Hobson and Lee [48] carried out a pioneering study on the capacity to understand and imitate the action style (how) of an observed action among a group of ASD participants. More specifically, the authors instructed children and youths (9–18 years old) as well as typically developing individuals (TD) (control group) to observe actions performed with objects in different styles (e.g. running a wooden stick across the ridges to make a vibrating sound in a rapid and forceful manner or doing so more slowly and gently). Each action had two components: a what (e.g. running the wooden stick) and a how (e.g. the vigorous or gentle manner). While participants in the control group imitated all the aspects of the observed actions, children with ASD imitated only the contents of the movements (the what) but rarely their action styles (the how). Accordingly, Cook et al. [51] showed that ASD individuals performed movements with atypical kinematics that correlated with a bias toward perceiving biological motion as unnatural. This finding is consistent with the idea of Trevarthen and Delafield-Butt [52] that, in autism, the impairment of body gesture perception affects social understanding.
In a subsequent behavioral study, Rochat et al. [47] asked children and youths with ASD, as well as TD controls, to observe video clips of two actors performing transitive and intransitive actions (e.g. giving a mug and giving a high-five) in vigorous and gentle ways. Video clips were presented in pairs, some pairs differing in the type of action (what task) others in the vitality forms (how task), and participants were required to judge whether video clips differed or not. Results showed that participants with ASD, compared to TD controls, significantly differed in the how task, while no difference was found in the what task. Taken together, these findings highlight impairments in the perception of vitality forms in children and youth with ASD, providing a point of reflection for professionals and caregivers who interact with ASD children and, on the basis of this research, may wish to facilitate perceptions of these aspects of social communication.

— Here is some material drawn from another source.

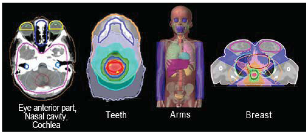 One of the fundamental prerequisites for conformal RT and especially for all IMRT techniques is the localization of the target, starting with the gross tumor volume (GTV) and the clinical target volume (CTV), and moving outwards to the PTV. Inverse planning for IMRT-HT requires comprehensive contouring of all OARs. The CT images are acquired from a slice thickness and spacing of 5 mm. A 2.5 mm slice thickness CT is used for brain and head and neck targets. In our practice, the volume of interest is generated with a co-registered CT/MRI (magnetic resonance imaging) ± PET (positron emission tomography); starting with a multimodality diagnostic imaging set, we delineate the target and OARs, and next we proceed with treatment planning optimization. Some extra structures are generated (“tune structures”) to obtain a better optimization around the target which include e.g., the anterior part of the orbits, the nasal cavity, the jaw-maxillary-dental area, the arms, and the breasts (Figure 1). The spinal cord when considered as OAR is always contoured and automatically expanded with a 1 cm margin to create the “spinal cord tuning,” which better spares the organ.

CONCLUSIONS AND FUTURE PERSPECTIVES
In addition to the goals (what) and intentions (why) of actions, vitality forms constitute a third aspect of any human action (how) that is fundamental to interpersonal relations. The data reviewed in this study showed that the dorso-central insula represents the neural substrate of vitality forms (Fig. 9). This is true for the both the perception and expression of actions, indicating that this area is endowed with the mirror mechanism.
The future study of vitality forms may yield important discoveries. For instance, in the next few years, without a doubt, humans will increasingly interact with humanoid robots. A fascinating possibility is that new generations of robots will be endowed with capacities to express and comprehend vitality forms. Thanks to these capacities, robots may be able to detect the affective states of humans and, therefore, interact with them more effectively. Conversely, understanding robotic vitality forms could be fundamental to improving human–robot interactions [53]. Finally, these new programs installed in robots could also promote robot–robot interactions—an aspect that may not be secondary with an increased role of robots in our social lives.
The data reviewed in this article should be of interest to many scientists, including neuroscientists, robotics engineers, psychologists, child psychiatrists and researchers interested in social communication.
Acknowledgements
We are very grateful to Colwyn Trevarthen for his comments on our paper and his important suggestions. The English of the paper has been revised by Scribendi Proofreading Services.
FUNDING
This study was supported by European Research Council (ERC) ‘COGSYSTEM’ project no. 250013 (to G.R.) and Fondazione Cassa di Risparmio di Parma (CARIPARMA).
Conflict of interest statement. None declared.